Hinfällig: Denn mittlerweile ist bei den Rechten ein fast possenhafter Streit um die Reputation des Moerser Nazis Giuliani ausgebrochen. Auf dem Internetportal „Freier Widerstand“ wird Giuliani vorgeworfen, ein Spitzel des Verfasungsschutzes zu sein. Er habe Kontakt zum NRW-Innenministerium aufgenommen, um ins Aussteigerprogramm EXIT zu kommen. Dort soll er 1.000 Euro Starthilfe für einen Neuanfang erhalten haben. Zum „Beleg“ schieben die Schreiber noch angeblich bewusst zurückgenommene Gerichtsurteile gegen Kevin hinterher. Der weist alle Vorwürfe zurück. Das Geld habe er bekommen, allerdings nur für neue Möbel. Eine Absage des heutigen Aufmarsches war die Konsequenz.

„Da gehen wir eh nicht hin“, meinte noch am Mittwoch Hans-Jürgen Schneider, einer der Sprecher des „Moerser „Bündnisses für Toleranz und Zivilcourage“, in dem verschiedene Parteien, Kirchen und Institutionen organisiert sind. Schneider hatte 2003 den Protest gegen einen Nazi-Aufmarsch auch schon mit organisiert: „Wir konzentrieren uns auf den 22. Januar.“ Die Antifa Moers wollte den Rechten das Feld allerdings nicht so einfach überlassen und hatte für heute nach Moers mobilisiert: „Wir rufen alle Antifaschistinnen und Antifaschisten dazu auf den Neonazis einen gebührenden Empfang zu bereiten“, meinte die Sprecherin der Antifa, Nadine Schneider. Ob sie trotz der Absage des Aufmarsches auf die Straße gehen, ist unklar.

Moers war bereits im Juli 2003 Ort einer von Christian Worch organisierten Kundgebung gewesen. Damals waren 600 Polizisten aus ganz NRW am Moerser Bahnhof, um die gut 80 mit Bomberjacken und Stiefeln bekleideten Nazis von den 150 Gegendemonstranten zu trennen. „Damals waren wir mit der Strategie erfolgreich, die Nazis in den Seitenstraßen ins Leere laufen zu lassen“, bestätigt Günter Lange, Einsatzleiter der Polizei.

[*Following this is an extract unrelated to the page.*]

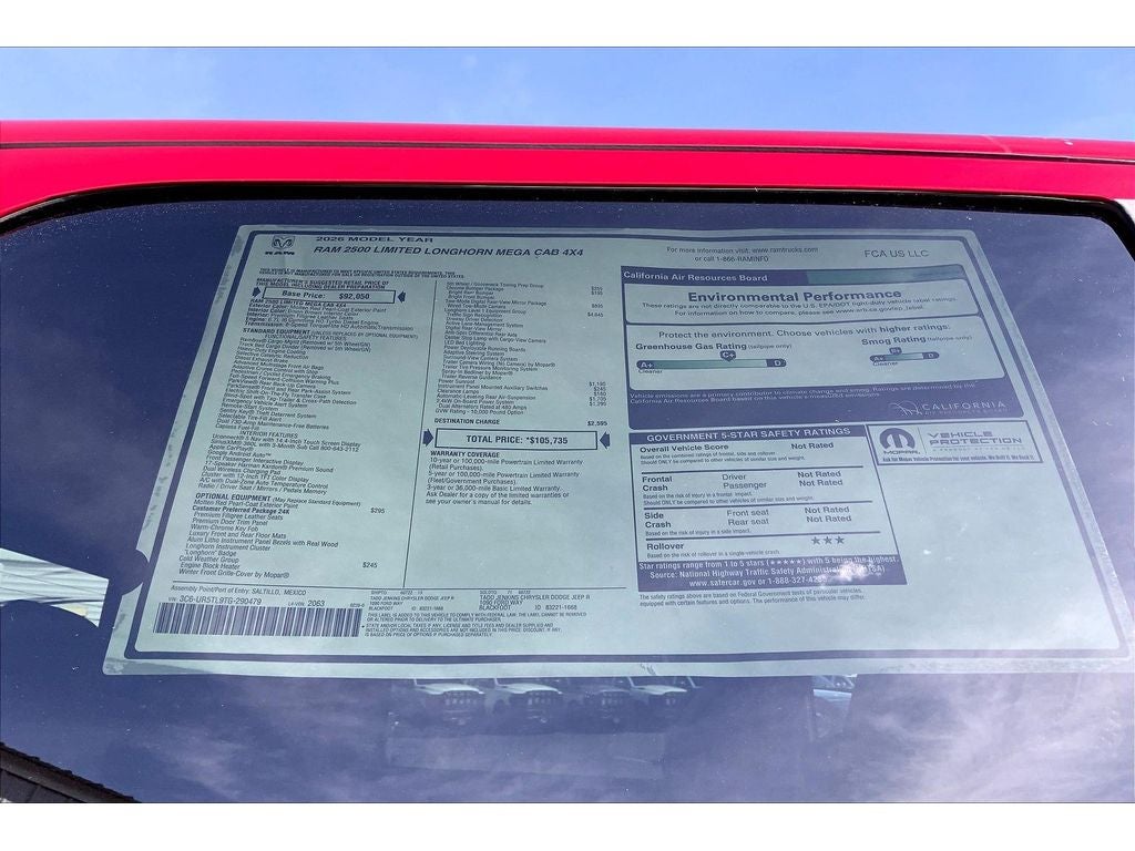 It comes equipped with Android Auto for seamless smartphone integration on the road. It has auto-adjust speed for safe following. Keep your hands warm all winter with a heated steering wheel in the Ram 2500 . Start this unit from inside with remote start. The leather seats are soft and supportive on this 3/4 ton pickup. The vehicle features a hands-free Bluetooth® phone system. Apple CarPlay: Seamless smartphone integration for it - stay connected and entertained on the go! Protect this Ram 2500 from unwanted accidents with a cutting edge backup camera system. You'll never again be lost in a crowded city or a country region with the navigation system on this unit. This 2026 Ram 2500 's Forward Collision Warning feature alerts drivers to potential front-end collisions. When you encounter slick or muddy roads, you can engage the four wheel drive on this vehicle and drive with confidence. This vehicle has a 6 Cyl, 6.7L high output engine.

In jedem Fall sollen die Gruppen im Falle einer Demo auseinander gehalten werden, damit keine Gewalt entsteht und so mit einem Mal bundesweite Beachtung auf die Grafenstadt fällt. „Moers hat auf jeden Fall keine rechte Szene“, bemühte sich der Moerser Bürgermeister Norbert Ballhaus (SPD) auf der gemeinsamen Pressekonferenz mit dem Landrat des Kreises Wesel, Ansgar Müller (SPD), und der Kreispolizei zu unterstreichen. Eine These, die Norbert Henrichs als Leiter der Gefahrenabwehr teilt: „Da gibt es eine Gruppe mit vier Leuten aus Moers – bei 110.000 Einwohnern.“ Es sei bedauerlich, dass Demos stattfinden: „Das müssen Demokraten aber aushalten können“, meinte der Landrat des Kreises Wesel, Ansgar Müller. Der 22. Januar könnte nach Meinung der Behörden der brisantere Tag werden: „Da könnte es wohl zu einem Aufgebot kommen wie 2003“, meint Norbert Henrichs von der Gefahrenabwehr.